After an open records request from Knock, current clerk/treasurer Alex McDonald had to get a copy of the letter from the DOR, she said, as she could not find a copy in the town office files. That could be due to an office reorganization in 2021, but she is not sure.
Carpenter said she has no memory of seeing that letter. “I would never withhold something like that from the board,” she said.
Tobey also said he was not aware of the letter or the penalty and thought it had been resolved “amicably.”
Any mistakes made during 2019’s levy limit increase were due to lack of experience, he added, and there was no deceiving or misinforming of the electorate.
According to McDonald’s understanding, Tobey did not use the same format the DOR requires to draft the levy limit resolution and present it to the electorate, she said, and there weren’t any errors in calculations.
The DOR has become very particular about the formatting of resolutions in the last five to ten years, according to McDonald.
The resolutions on file for 2019’s levy limit increase do not match the format required by the DOR, which includes detailed information about the way the levy limit amount is calculated. The town’s resolutions omit that information, even though the correct calculations were used.
Hans Lux is the current town chairman on Washington Island. He took office in April 2021 and had served as supervisor during Tobey’s tenure. The current board is fully aware of the penalty and that the town will not be receiving their existing and supplemental municipal aid payments for at least the next few years, he said.
The levy limit increase error and resulting penalty was a result of “mismanagement problems in town government”, according to Lux.
The DOR was contacted, but did not provide additional records or comment by time of publication.
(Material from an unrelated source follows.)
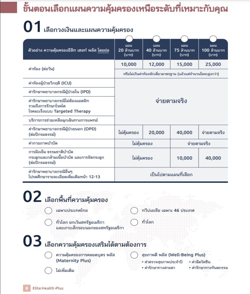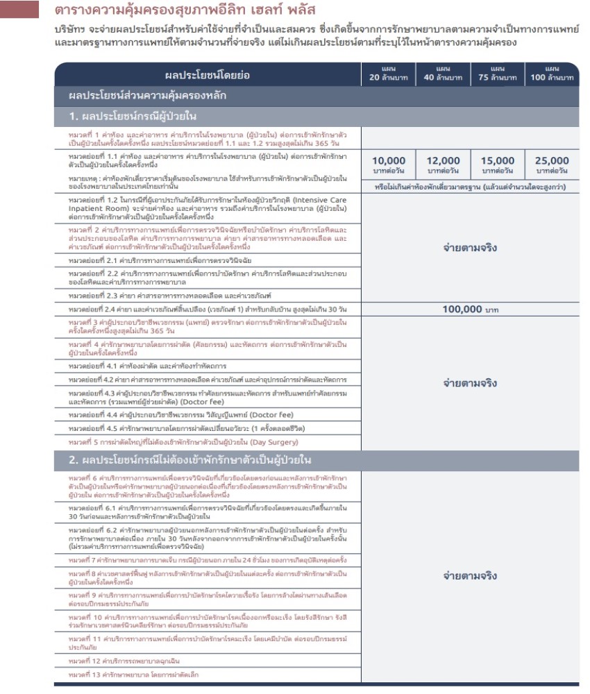 ตัวอย่าง เบี้ย Elite Health Plus ประเทศไทย

The town’s capital improvement fund will bear the impact of not receiving the money, Clerk/Treasurer McDonald said, as that is usually where the aid has been and would be allocated in the budget.
However, “the municipality would love to have another $50,000 sitting around,” Lux said, listing some public safety-related projects the board needs money for, including an emergency generator and roof repairs for the town’s fire station.
More about supplemental municipal aid
Every year in Wisconsin, municipalities receive shared revenue from state income and sales tax. The money is disbursed by the state in the form of aid and until recently, amounts to between $7,000 and $10,000 for municipalities the size of Washington Island.
But in 2023, Evers signed Wisconsin Act 12, which increased aid by an average of 36 percent to municipalities. The increased aid is for 2024-2026 and beyond, according to a press release from the governor’s office.
The first round of increased supplemental aid was paid out in July 2024, with a second annual payment set for November 2024. The money cannot be spent on anything a municipality wants, however. According to the state, supplemental county and municipal aid is “specifically allocated to support essential services such as law enforcement, fire protection, emergency medical services, emergency response communications, public works, courts, and transportation.”
According to the DOR’s shared revenue estimates, in 2024 the Town of Washington would be receiving $9,227.38 in existing municipal aid, and an additional $43,158.13 in supplemental aid, for a total of $52,385.51.
In 2025, it would receive $9,438.93 in existing aid and an additional $44,150.77 in supplemental aid, for a total of $53,589.70.
The DOR has already withheld the town’s existing municipal aid every year from 2020 through 2023, putting it towards the penalty total. Based on the estimates of aid for the town in 2024 and 2025, there will still be a penalty balance of $16,000 remaining in 2026.